You’ll no doubt also be comforted to know that unless some bystander footage emerges of the incident, we’ll probably be getting no video evidence whatsoever to prove how the shooting transpired. Senator King said he was told by Mullin that the ICE agents involved were not wearing body cameras, despite ICE policy specifically requiring their usage. Nor were the agents who shot Lorenzo Salgado Araujo, as far as we know. Mullin reportedly pleaded mea culpa, saying that the body cameras were still in the process of being distributed and hadn’t yet made it to Maine, despite their use having been the policy for years. Isn’t it weird how easy it is to distribute guns, but how hard it is to distribute cameras? But don’t worry, the 82-year-old Maine senator said he was “concerned,” hearing that, and said that Mullin had promised a “transparent” investigation. Sounds like it’s all taken care of!

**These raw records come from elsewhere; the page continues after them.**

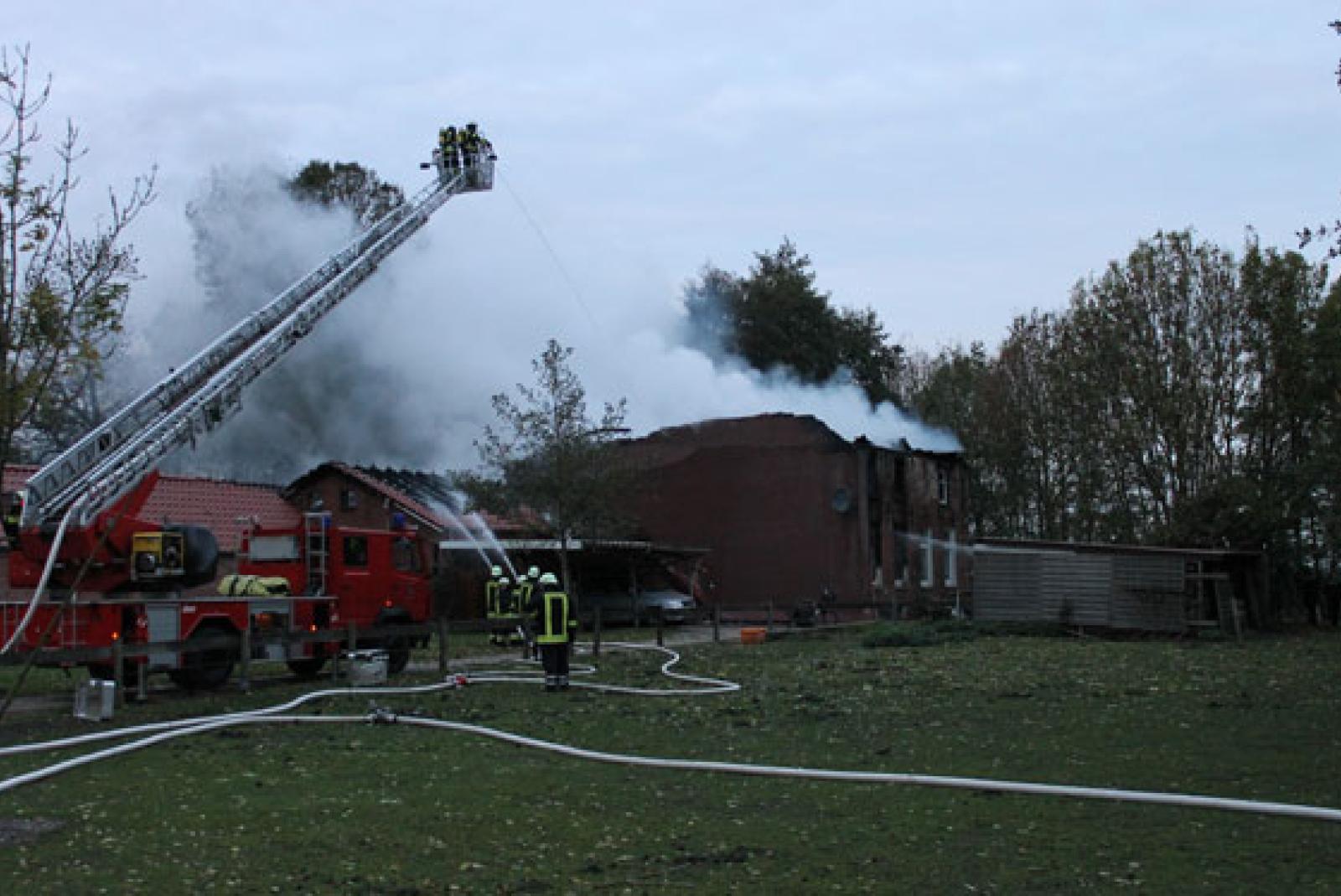 Wie die Feuerwehr mitteilte, wurden die Helfer heute gegen sechs Uhr zu einem Schornsteinbrand in die Ortschaft Blandorfer Wichte bei Hage alarmiert. Bereits beim Eintreffen der ersten Einsatzkräfte in der Lottjeshausener Straße wurde die Alarmstufe erhöht, weil es sich um einen Dachstuhlbrand eines ehemaligen landwirtschaftlichen Gebäudes mit Ferienwohnungen handelte.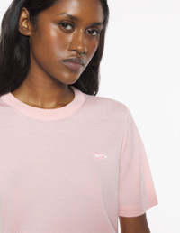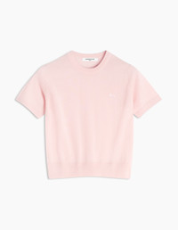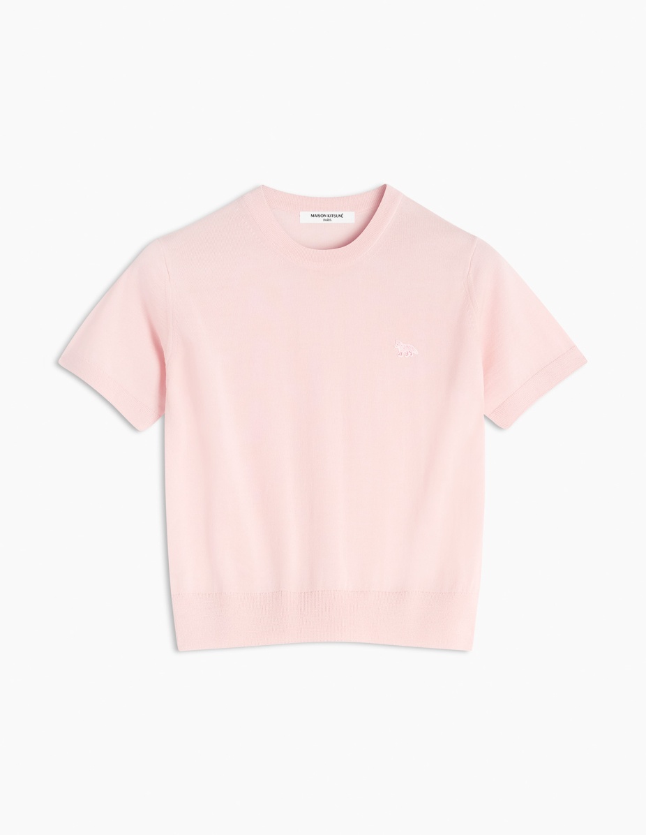 DETAILS Short sleeve merino wool jumper. Regular cut with embroidered Baby Fox patch. - Plain merino wool jumper - Regular cut - Crewneck - Tone-on-tone Baby Fox patch embroidered on the chest - Short sleeves - Ribbing at the neckline, cuffs, and waist OW00807KT1036-0140 SIZE & CUT Cut: REGULAR Sizing: WOMEN The female model is 9.1 and is wearing size S MATERIAL 100% WOOL TRACEABILITY Made in Portugal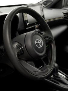 We wnętrzu Yarisa Cross Adventure charakter auta wyrażony został za pomocą detali wykończonych lakierem Piano Black oraz czarnej podsufitki. Siedzenia o dobrym trzymaniu bocznym wykonano ze skóry ekologicznej i są wykończone zgodnie z linią tej wersji, a przez tył, panel ekranu dotykowego i drzwi biegnie dekoracyjna linia w charakterystycznym dla Yarisa Cross kolorze Warm Gold. Kierownica oraz dźwignia zmiany biegów zostały obszyte skórą.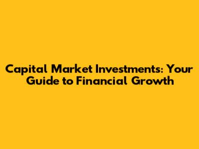 Capital Market Investments: Your Guide To Financial Growth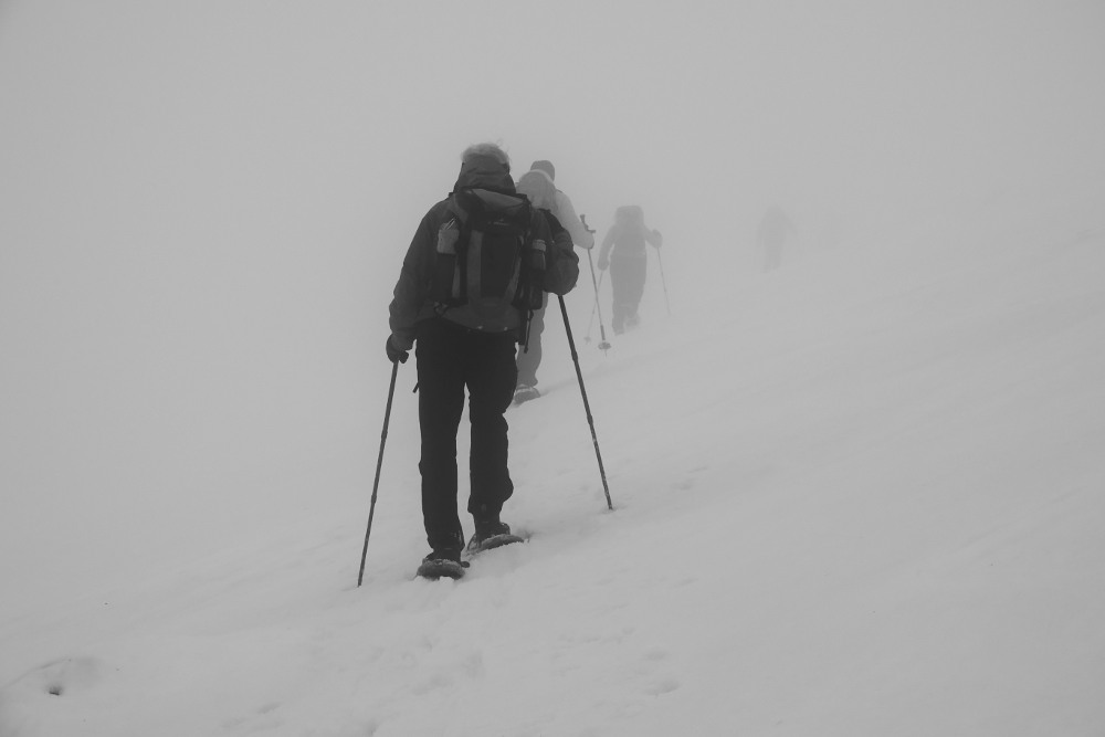 Bild 15: Rast bei beginnendem Schneefall unterhalb des Gipfels.

“I am concerned. They should have been having body cameras two years ago when this whole thing started,” said King. “My belief is that our state and local officials should also be kept informed and engaged in the investigation. Given what’s happened around the country, we need to verify that this investigation will be thorough and transparent.”

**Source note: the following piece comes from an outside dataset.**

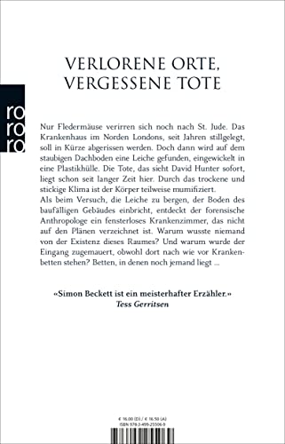 Nur Fledermäuse verirren sich noch nach St. Jude. Das Krankenhaus im Norden Londons, seit Jahren stillgelegt, soll in Kürze abgerissen werden. Doch dann wird auf dem staubigen Dachboden eine Leiche gefunden, eingewickelt in eine Plastikhülle. Die Tote, das sieht David Hunter sofort, liegt schon seit langer Zeit hier. Durch das trockene und stickige Klima ist der Körper teilweise mumifiziert.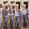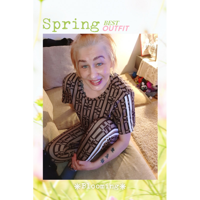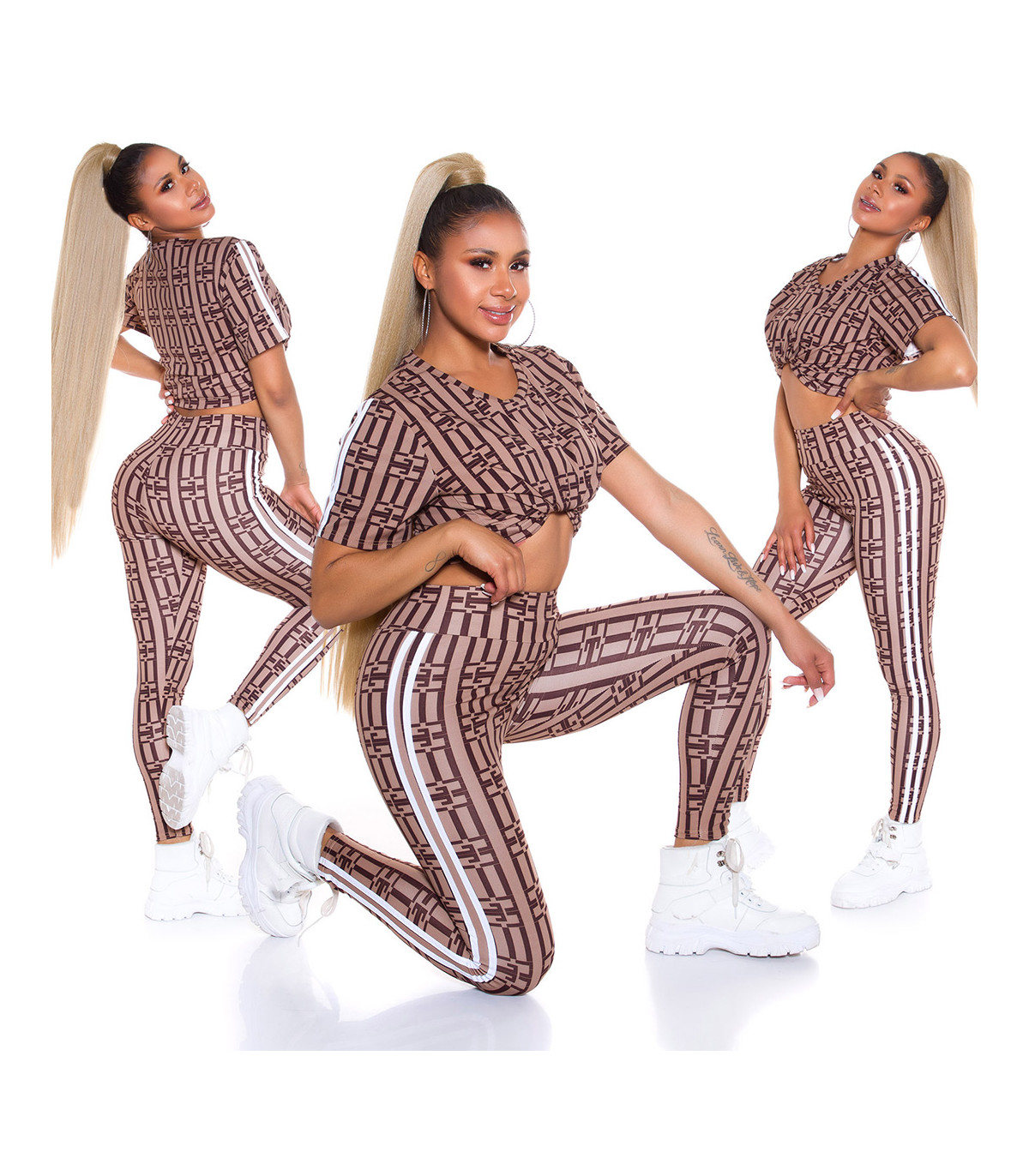 Cappuccino kortärmad tryckmönster joggare set med ränder

Federal agents were involved in a fatal shooting in Biddeford this morning. Someone is dead. I don’t have details, and won’t speculate. But this is at least the 11th fatal shooting involving ICE or Border Patrol under Trump. It’s time to get ICE off our streets.

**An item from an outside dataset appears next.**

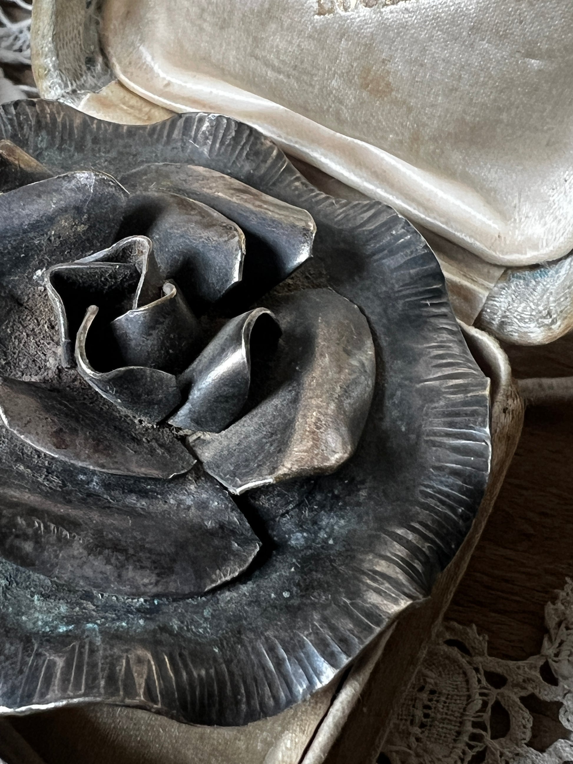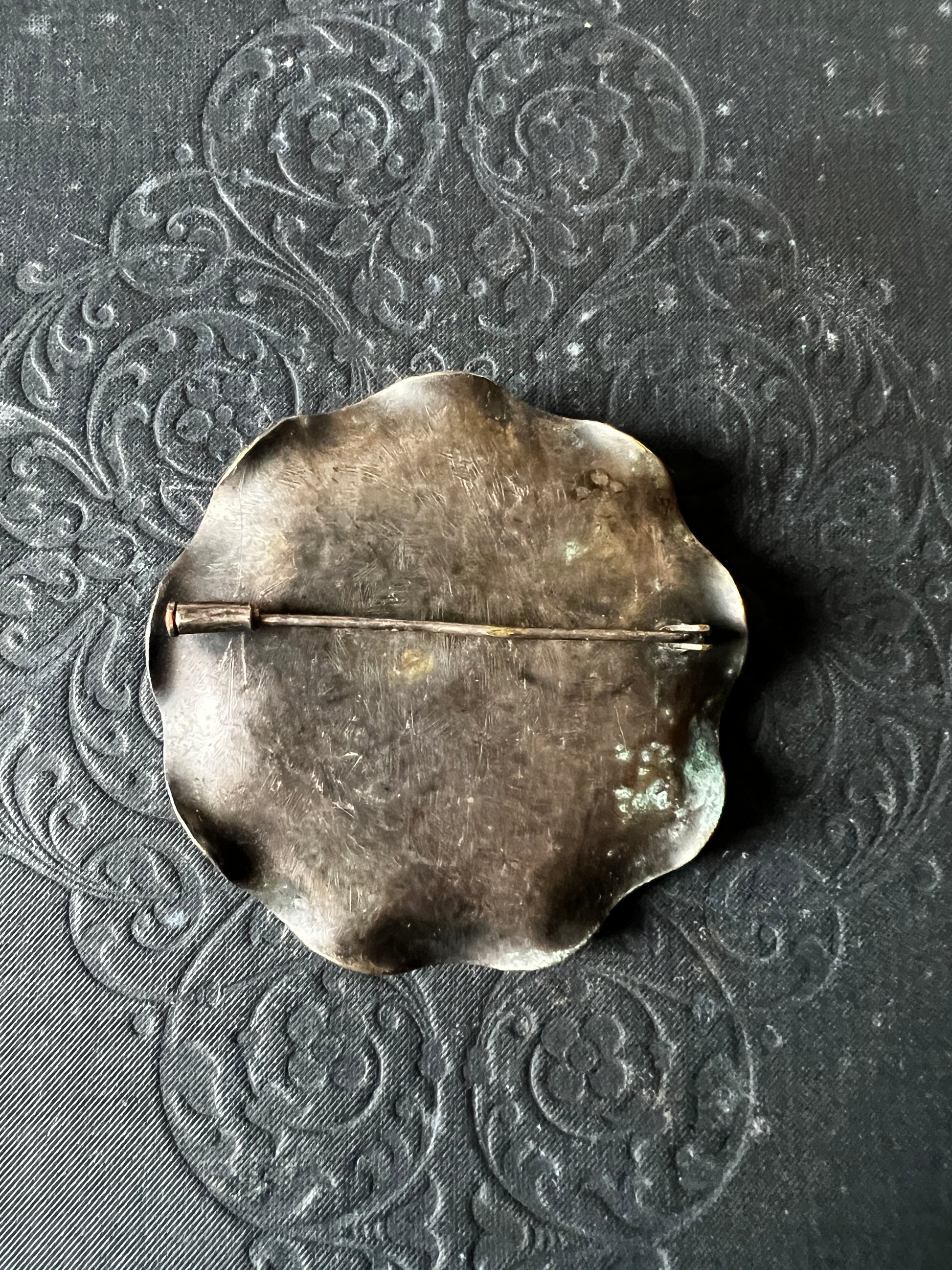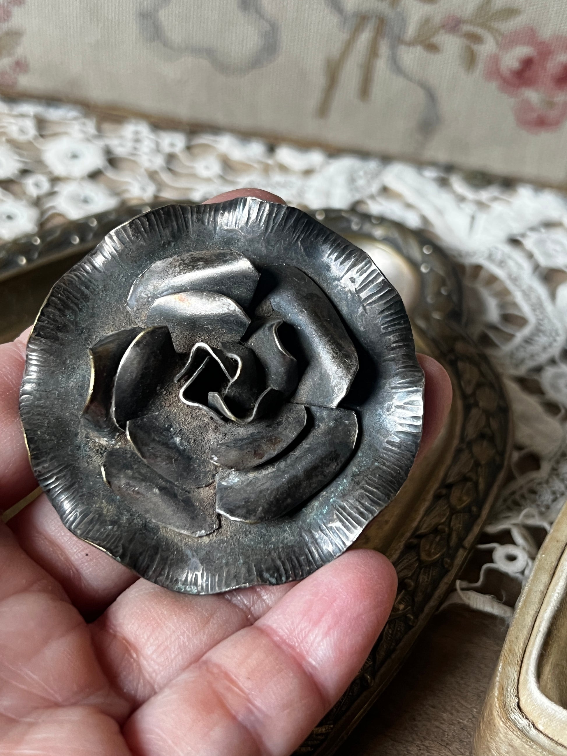 立体的な花びらのデザインが目を引く、メタル製のアンティークブローチです

— Shenna Bellows (@shennabellows.bsky.social) 10:16 AM · Jul 13, 2026
Well, I’m sure that letting ICE investigate itself and shut out local investigators, as it repeatedly did in Minnesota and the killings of Renee Good and Alex Pretti, will be just the ticket to achieving that kind of transparency and accountability for immigration agents who can’t seem to stop killing people. Since the start of Donald Trump and Stephen Miller’s barbaric immigration crackdown, at least 11 people–that we know of–have been shot dead by federal immigration agents. And then there are the other cases that are briefly recorded and then disappear from the headlines, people like California’s Vicente Ventura Aguilar, a man who witnesses say was detained by ICE agents and suffered a medical emergency … and then vanished off the face of the Earth, with DHS saying they have no record of him ever being detained. Aguilar has never been seen again.
In Maine, meanwhile, protestors and activists are organizing, mobilizing and spilling out into the streets in impromptu anti-ICE protests. Earlier today, dozens of protestors entered the Biddeford offices of Republican Sen. Susan Collins, chanting “ICE out now!”, before being forcibly removed by police.
The tone of the local response is not difficult to read. As a resident named Olivia Clay, who lives just a block away from the shooting put it to local television network WGME: “I’m disgusted. This is horrible. I mean, the citizens of this country are literally being gunned down in the street for doing nothing. For the color of their skin.” Another resident, Marcia Hanes added the following: “It is horrific. ICE needs to be disbanded. People who work for ICE are untrained. And we want them out of Biddeford. Killing people in cold blood. They need to be out of Maine. They need to be out of the United States.”
A slain young man, a familiar justification, and the possibility of a three-year-old daughter still in Bluey pajamas at the scene of her father’s death. Just another day in Stephen Miller’s America.